■ PROVIDED INFORMATION:
# # #
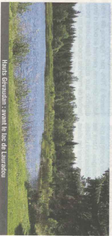
Hauts Gévaudan : avant le lac de Lauradou

Il décide de partir du Monastier, en Haute-Loire, après y être resté un mois pour écrire. Il ira jusqu'aux Cévennes, car Écossais protestant, il veut passer par les paysages qui ont abrité la révolte des Camisards qui fait écho chez lui à celle des « Covenantiers » de son pays. Au cours de son périple, il prend des notes afin de rédiger son ouvrage. Si vous êtes fâché avec les auteurs du XIX e trop académiques, jetez-vous sur celui-ci. On y trouve une grande liberté de ton. Il évoque par exemple sans ambages les querelles politiques, les médisances, et l'amour pour la « dive bouteille » du Monastier.
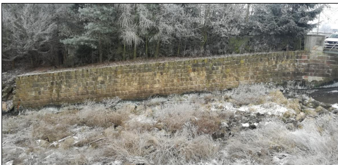
PB jezová zed' v podjezí.
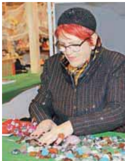
Maruča / Foto: AB
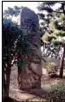
図 大浜公園内の歴史・文化資源（擁護壘、蘇鉄山、復元されたラジオ塔）
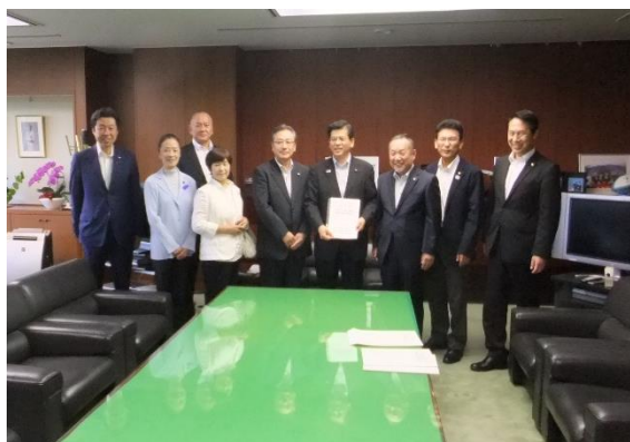
市議会議員連盟による石井国土交通大臣（当時）への要望
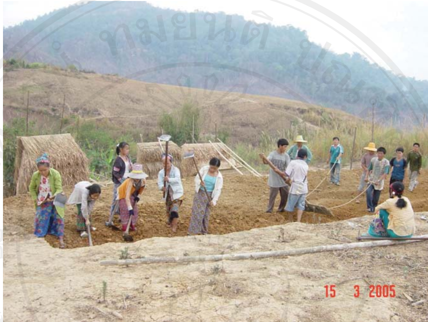
ภาพที่ 8-9 สภาพความเป็นอยู่ก่อนที่จะมีการจัดระเบียบและตั้งพื้นที่ควบคุมชั่วคราว ฉก.พตท.เขาค้อ
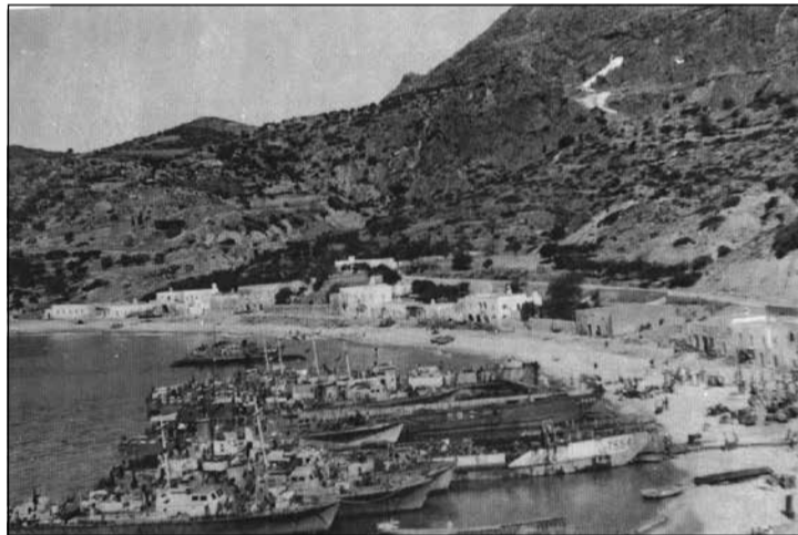
Η ιστορική φωτογραφία του Εμμ. Σοφιού από την απόβαση των Αγγλικών δυνάμεων στο Καψάλι.

ΟΙΚΟΠΕΔΟ άρτιο και οικοδομήσιμο 4.720 τ.μ. πωλείται στην Αγία Αναστασία. Απεριόριστη θέα θάλασσας. Τηλ. 210 4293684
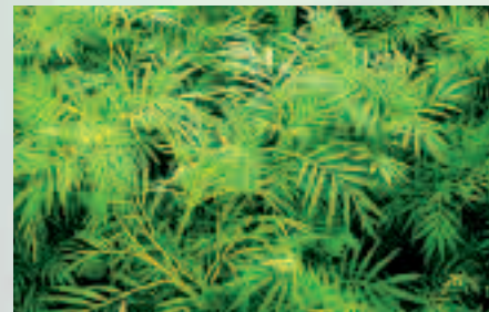
Les tagetes minuta ont des propriétés nématocides vis-à-vis de Meloidogyne
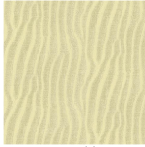
SABLE Sable 67
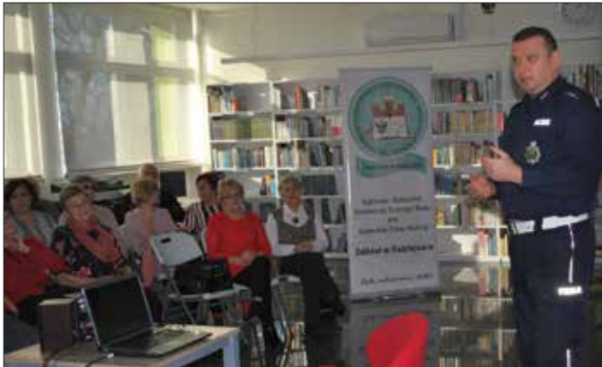
Słuchacze UTW z zainteresowaniem wysłuchali wykładu o bezpieczeństwie w ruchu drogowym

Ze słuchaczami Uniwersytetu Trzeciego Wieku spotkali się radziejowscy policjanci z ogniwa ruchu drogowego. Była mowa
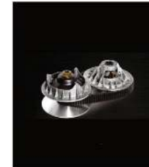
CVT TECH TRAILBLOC
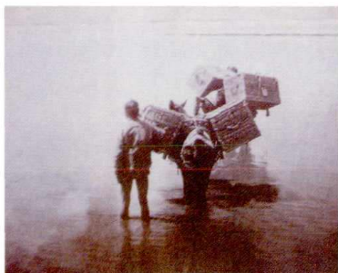
驮运邮件的马班涉渡汾河
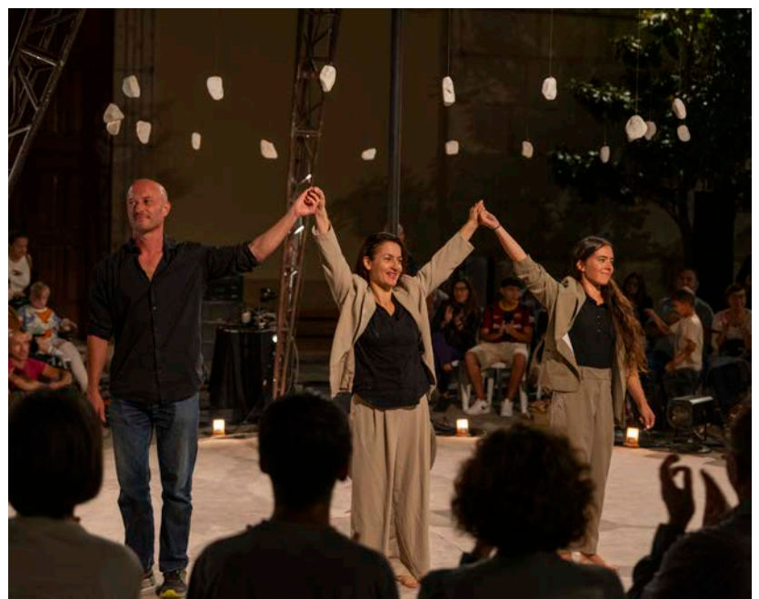
'Lady Panda' va ser l'acte de cloenda de l'11è FesticAm.
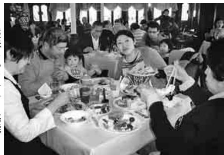
美味しいランチを堪能

4月16日(土)、全建愛知千種、東支部合同で「琵琶湖クルーズ・ランチバイキングの旅」に、合計45名で参加しました。
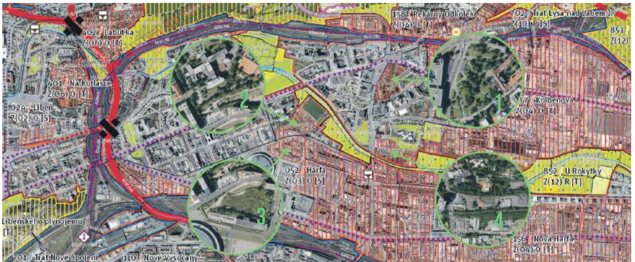
Zobrazení Metropolitního plánu s vyznačenými oblastmi: 1 – Náměstí OSN, 2 a 3 – Parčíky mezi O2 arénou a CLINICUM, 4 – Břehy Rokytky u Rezidence Eliška

Petr Karel, technický konzultant, kandidát Pirátů na Praze 9
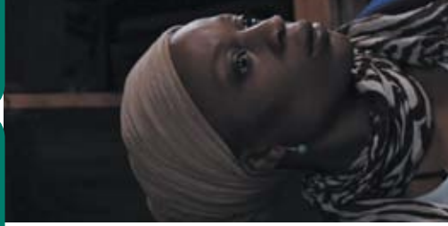
La France qui se lève tôt
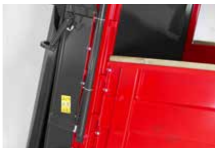
Rastepač možemo jednostavno odvojiti od stroja i koristiti prikolicu za prijevoz različitih tereta.

ORION 140 je veći profesionalni razbacivač stajnjaka s varenom šasijom, robusnim okvirom i ukupnom masom 14 tona te iznimno jednostavan za upravljanje. Pomik transportera napred-nazad i druge komande dostupne su iz kabine traktora dok podporna noga omogućava brzo i sigurno podizanje rastepača.
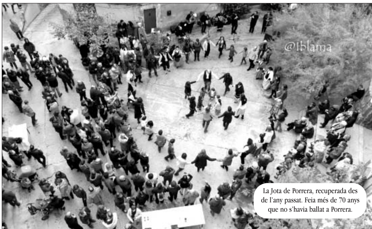
La Jota de Porrera, recuperada des de l'any passat. Feia més de 70 anys que no s'havia ballat a Porrera.
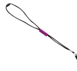
Smycz „Tri Key”
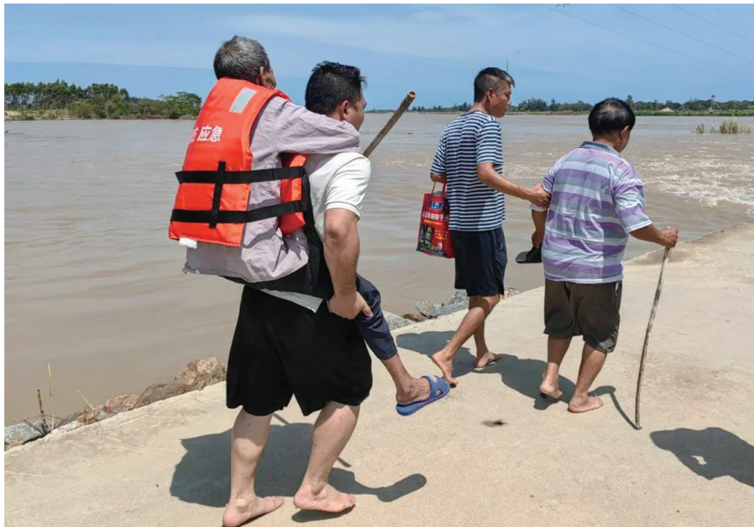
背的背,扶的扶,9月8日,东方四更镇党委和村两委干部组织人员护送村民安全返家。

随着超强台风“摩羯”逐渐远离海南,抗击台风工作已全面转入灾后恢复重建阶段。武警战士、电力工人、铁路维修工人等人员争分夺秒,迅速展开各项抢修、重建工作,疏通道路、转移群众,处置各类突发情况,最大程度保护人民群众生命财产安全。 肆虐的台风远去,当风暴的怒吼平息,阳光再次穿透云层。风雨过后,他们便是最绚烂的彩虹。无论是紧急救援,还是灾后重建,他们一直在我们身边。
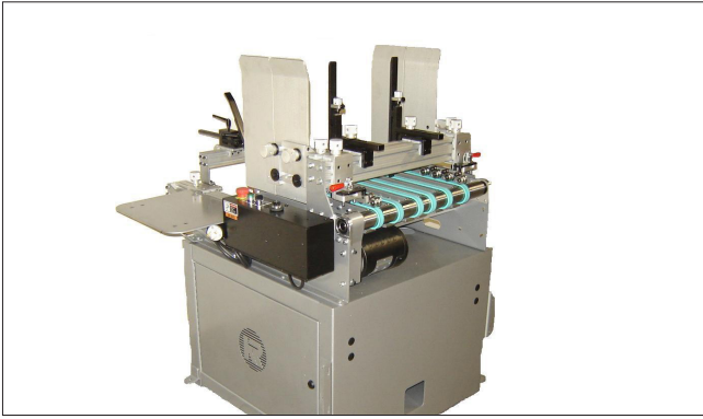
KR 500 – Friction Feeder Einzug von flachen, gestanzten Schachteln und anderen schwierigen Produkten.
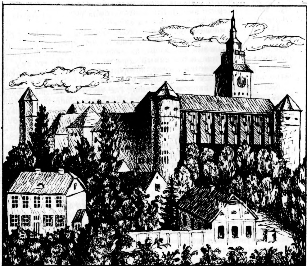
Вид на Королевский замок, слева дом Канта.
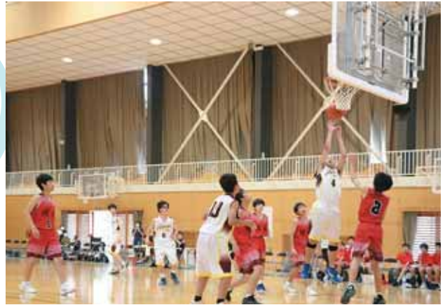
3年生は思い出に残る引退試合となりました。
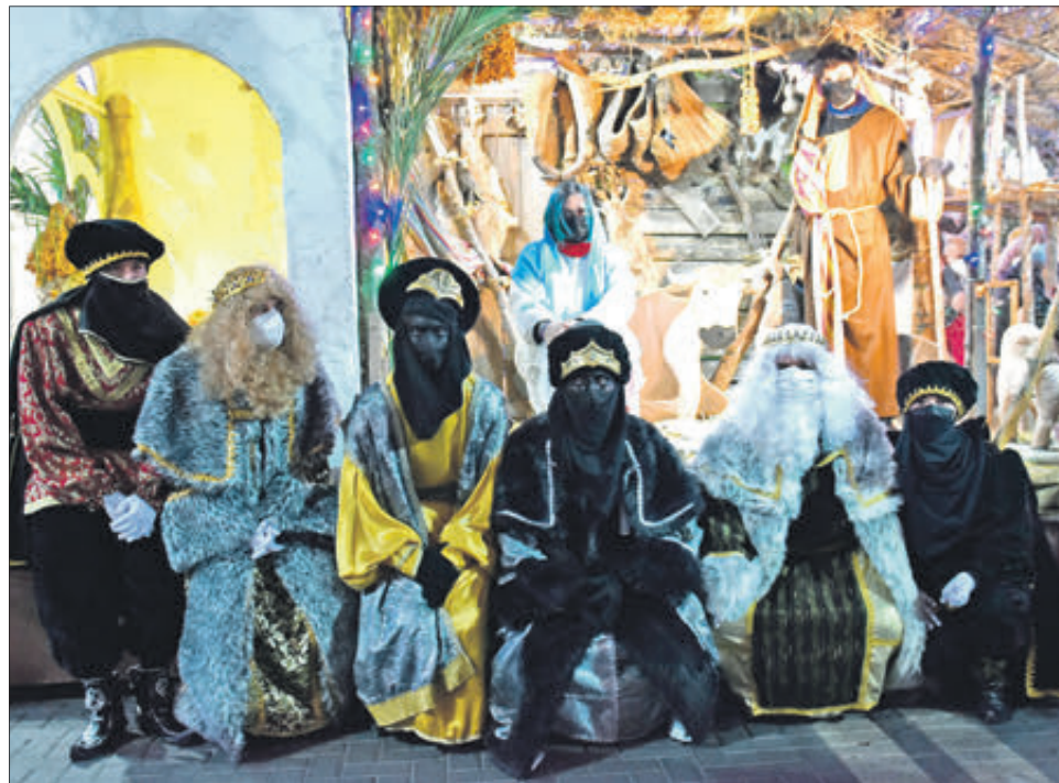
Dos moments de la visita de Ses Majestats.

En aquest 2021, el seguici i la música van tornar a acompanyar a Melcior, Gaspar i Baltasar en aquesta Cavalcada, que de nou, va estar a càrrec de l'Associació d'Amics dels Reis Mags i també de la regidoria de Festes de l'Ajuntament de Xixona.
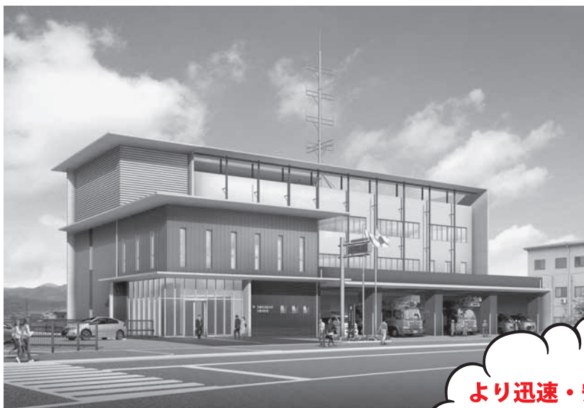
新消防庁舎の完成イメージ
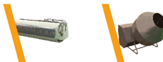
▼ Rodillo liso Vibratorio ▼ Mezcladora de Hormigón
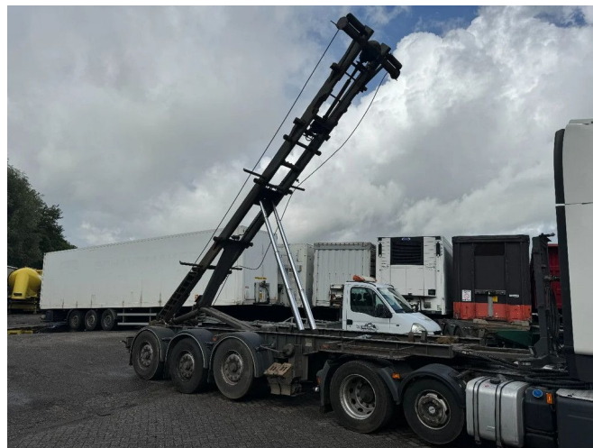
Van Hool CABLE AND KIPPING SYSTEM 3X BPW AXLE FR...
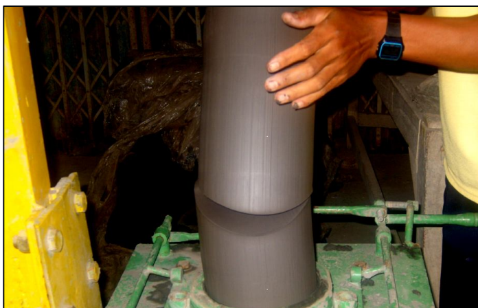
ภาพประกอบ ลักษณะดินที่ผ่านการรีดออกมาแล้ว
# # #
■ ACTIVITY: What number of lines in the records hold the word "ruchu"? Reply with that number alone.

■ RESULT OF THE EXERCISE: 2